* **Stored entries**

>>>>

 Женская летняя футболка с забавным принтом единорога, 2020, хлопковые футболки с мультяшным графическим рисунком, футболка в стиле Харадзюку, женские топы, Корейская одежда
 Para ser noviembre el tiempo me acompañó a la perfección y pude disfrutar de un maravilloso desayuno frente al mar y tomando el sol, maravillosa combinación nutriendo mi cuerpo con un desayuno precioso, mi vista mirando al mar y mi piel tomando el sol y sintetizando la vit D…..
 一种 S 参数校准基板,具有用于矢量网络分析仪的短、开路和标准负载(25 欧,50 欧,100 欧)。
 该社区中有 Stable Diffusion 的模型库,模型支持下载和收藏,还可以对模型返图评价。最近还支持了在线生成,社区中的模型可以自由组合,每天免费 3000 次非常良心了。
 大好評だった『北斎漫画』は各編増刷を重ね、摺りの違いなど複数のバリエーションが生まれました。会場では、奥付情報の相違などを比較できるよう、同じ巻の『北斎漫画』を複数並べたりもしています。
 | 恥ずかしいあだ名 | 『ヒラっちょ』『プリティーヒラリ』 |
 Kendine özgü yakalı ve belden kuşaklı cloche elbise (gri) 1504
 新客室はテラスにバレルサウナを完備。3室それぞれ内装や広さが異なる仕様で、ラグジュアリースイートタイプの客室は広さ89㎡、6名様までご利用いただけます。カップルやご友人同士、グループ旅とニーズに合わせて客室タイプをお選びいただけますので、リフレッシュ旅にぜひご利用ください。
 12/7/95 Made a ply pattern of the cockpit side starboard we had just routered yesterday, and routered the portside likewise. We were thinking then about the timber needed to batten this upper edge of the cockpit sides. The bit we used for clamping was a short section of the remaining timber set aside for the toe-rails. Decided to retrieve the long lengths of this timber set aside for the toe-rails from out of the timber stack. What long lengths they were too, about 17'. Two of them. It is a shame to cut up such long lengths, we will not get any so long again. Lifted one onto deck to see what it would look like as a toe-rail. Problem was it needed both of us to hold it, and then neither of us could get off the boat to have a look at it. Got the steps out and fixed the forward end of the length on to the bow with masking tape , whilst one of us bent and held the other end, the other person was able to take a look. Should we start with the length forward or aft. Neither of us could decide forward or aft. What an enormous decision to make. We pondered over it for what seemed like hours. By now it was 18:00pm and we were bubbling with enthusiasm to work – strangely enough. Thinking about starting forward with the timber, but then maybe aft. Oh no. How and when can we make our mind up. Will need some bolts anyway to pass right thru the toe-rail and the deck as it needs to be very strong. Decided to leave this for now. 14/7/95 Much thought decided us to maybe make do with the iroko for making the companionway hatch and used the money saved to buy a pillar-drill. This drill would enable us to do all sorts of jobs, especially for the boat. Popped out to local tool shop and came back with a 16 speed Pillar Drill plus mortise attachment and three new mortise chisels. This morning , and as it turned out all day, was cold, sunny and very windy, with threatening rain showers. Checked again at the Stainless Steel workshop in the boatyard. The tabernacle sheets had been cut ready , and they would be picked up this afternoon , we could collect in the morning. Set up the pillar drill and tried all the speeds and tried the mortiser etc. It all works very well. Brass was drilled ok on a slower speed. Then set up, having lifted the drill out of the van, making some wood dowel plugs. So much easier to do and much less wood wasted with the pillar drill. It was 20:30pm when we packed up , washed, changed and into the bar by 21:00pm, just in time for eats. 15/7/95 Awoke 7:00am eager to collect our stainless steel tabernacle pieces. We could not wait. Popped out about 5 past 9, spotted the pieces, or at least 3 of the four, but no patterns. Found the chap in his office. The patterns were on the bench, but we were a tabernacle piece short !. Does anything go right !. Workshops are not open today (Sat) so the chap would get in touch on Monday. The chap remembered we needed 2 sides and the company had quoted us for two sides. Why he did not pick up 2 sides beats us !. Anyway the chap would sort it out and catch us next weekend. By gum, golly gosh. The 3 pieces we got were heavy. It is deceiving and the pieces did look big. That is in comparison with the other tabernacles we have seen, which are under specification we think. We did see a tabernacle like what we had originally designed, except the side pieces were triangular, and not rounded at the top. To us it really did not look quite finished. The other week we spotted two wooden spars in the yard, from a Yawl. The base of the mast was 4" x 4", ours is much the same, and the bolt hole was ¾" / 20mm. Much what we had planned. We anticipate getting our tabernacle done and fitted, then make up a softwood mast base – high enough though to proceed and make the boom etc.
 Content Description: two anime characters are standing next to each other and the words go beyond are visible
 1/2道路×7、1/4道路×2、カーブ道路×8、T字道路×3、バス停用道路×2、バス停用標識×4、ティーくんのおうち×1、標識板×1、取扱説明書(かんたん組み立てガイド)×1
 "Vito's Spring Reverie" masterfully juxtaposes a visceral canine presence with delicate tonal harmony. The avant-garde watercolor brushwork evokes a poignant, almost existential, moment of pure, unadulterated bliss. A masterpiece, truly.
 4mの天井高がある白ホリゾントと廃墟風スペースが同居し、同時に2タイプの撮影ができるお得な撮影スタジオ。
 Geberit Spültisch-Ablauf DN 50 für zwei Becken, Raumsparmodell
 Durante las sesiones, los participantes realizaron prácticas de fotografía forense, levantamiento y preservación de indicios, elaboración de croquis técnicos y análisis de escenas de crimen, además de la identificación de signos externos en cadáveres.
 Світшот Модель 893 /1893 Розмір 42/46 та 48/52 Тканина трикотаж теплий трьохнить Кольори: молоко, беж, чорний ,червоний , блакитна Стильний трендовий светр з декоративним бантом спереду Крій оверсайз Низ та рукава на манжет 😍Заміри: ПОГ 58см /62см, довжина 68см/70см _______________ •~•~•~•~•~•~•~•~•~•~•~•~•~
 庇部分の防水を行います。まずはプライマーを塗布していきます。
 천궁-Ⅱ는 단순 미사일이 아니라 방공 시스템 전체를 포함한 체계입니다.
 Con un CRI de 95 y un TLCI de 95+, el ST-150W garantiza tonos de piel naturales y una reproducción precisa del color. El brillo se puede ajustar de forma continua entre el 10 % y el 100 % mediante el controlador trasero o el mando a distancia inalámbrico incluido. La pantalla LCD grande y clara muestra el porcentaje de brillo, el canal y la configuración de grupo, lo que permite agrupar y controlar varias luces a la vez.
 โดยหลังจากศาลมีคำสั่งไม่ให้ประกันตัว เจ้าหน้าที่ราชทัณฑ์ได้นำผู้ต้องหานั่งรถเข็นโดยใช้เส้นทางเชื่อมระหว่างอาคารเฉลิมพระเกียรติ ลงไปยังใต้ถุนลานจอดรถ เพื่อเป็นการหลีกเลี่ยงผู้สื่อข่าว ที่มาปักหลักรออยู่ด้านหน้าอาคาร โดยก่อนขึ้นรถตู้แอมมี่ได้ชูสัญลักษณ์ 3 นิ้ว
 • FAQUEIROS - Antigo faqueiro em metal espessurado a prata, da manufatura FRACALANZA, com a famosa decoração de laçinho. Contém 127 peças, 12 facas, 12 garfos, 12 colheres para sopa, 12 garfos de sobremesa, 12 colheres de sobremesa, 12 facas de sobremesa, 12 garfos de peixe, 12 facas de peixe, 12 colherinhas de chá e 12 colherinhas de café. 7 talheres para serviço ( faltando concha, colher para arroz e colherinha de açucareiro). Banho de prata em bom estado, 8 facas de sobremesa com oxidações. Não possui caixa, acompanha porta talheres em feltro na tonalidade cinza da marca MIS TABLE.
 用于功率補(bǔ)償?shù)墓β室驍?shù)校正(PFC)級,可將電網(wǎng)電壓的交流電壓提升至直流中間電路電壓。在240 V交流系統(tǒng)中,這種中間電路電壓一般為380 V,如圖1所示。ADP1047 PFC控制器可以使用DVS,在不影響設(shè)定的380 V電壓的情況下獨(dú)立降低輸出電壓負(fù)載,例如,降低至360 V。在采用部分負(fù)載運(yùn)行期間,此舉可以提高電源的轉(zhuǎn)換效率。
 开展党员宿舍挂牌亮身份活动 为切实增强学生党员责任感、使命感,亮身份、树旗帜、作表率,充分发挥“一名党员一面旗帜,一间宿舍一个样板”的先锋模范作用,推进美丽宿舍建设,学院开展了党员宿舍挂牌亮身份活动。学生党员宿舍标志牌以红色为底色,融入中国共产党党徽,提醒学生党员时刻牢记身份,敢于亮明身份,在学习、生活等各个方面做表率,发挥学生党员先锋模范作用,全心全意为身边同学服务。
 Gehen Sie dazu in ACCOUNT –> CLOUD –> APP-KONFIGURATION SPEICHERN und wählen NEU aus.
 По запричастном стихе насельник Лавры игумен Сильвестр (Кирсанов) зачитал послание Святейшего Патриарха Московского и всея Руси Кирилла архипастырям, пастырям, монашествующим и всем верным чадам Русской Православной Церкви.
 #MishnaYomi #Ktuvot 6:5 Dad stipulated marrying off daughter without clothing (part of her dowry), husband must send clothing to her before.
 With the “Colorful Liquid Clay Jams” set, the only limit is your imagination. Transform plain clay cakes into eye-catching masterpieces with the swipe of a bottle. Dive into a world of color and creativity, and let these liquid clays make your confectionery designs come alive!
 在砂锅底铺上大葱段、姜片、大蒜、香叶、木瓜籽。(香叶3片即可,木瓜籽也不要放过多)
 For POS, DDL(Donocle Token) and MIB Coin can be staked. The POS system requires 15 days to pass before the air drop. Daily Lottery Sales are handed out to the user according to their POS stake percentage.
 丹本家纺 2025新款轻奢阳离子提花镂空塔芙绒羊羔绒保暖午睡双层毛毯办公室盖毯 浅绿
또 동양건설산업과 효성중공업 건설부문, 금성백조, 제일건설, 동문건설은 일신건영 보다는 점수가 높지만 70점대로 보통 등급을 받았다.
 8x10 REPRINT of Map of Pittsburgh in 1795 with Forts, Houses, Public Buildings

<<<<

* **Task goal**
Which of the lines above carry the string "before"? Copy every one.

* **Solved exercise**
 #MishnaYomi #Ktuvot 6:5 Dad stipulated marrying off daughter without clothing (part of her dowry), husband must send clothing to her before.
 For POS, DDL(Donocle Token) and MIB Coin can be staked. The POS system requires 15 days to pass before the air drop. Daily Lottery Sales are handed out to the user according to their POS stake percentage.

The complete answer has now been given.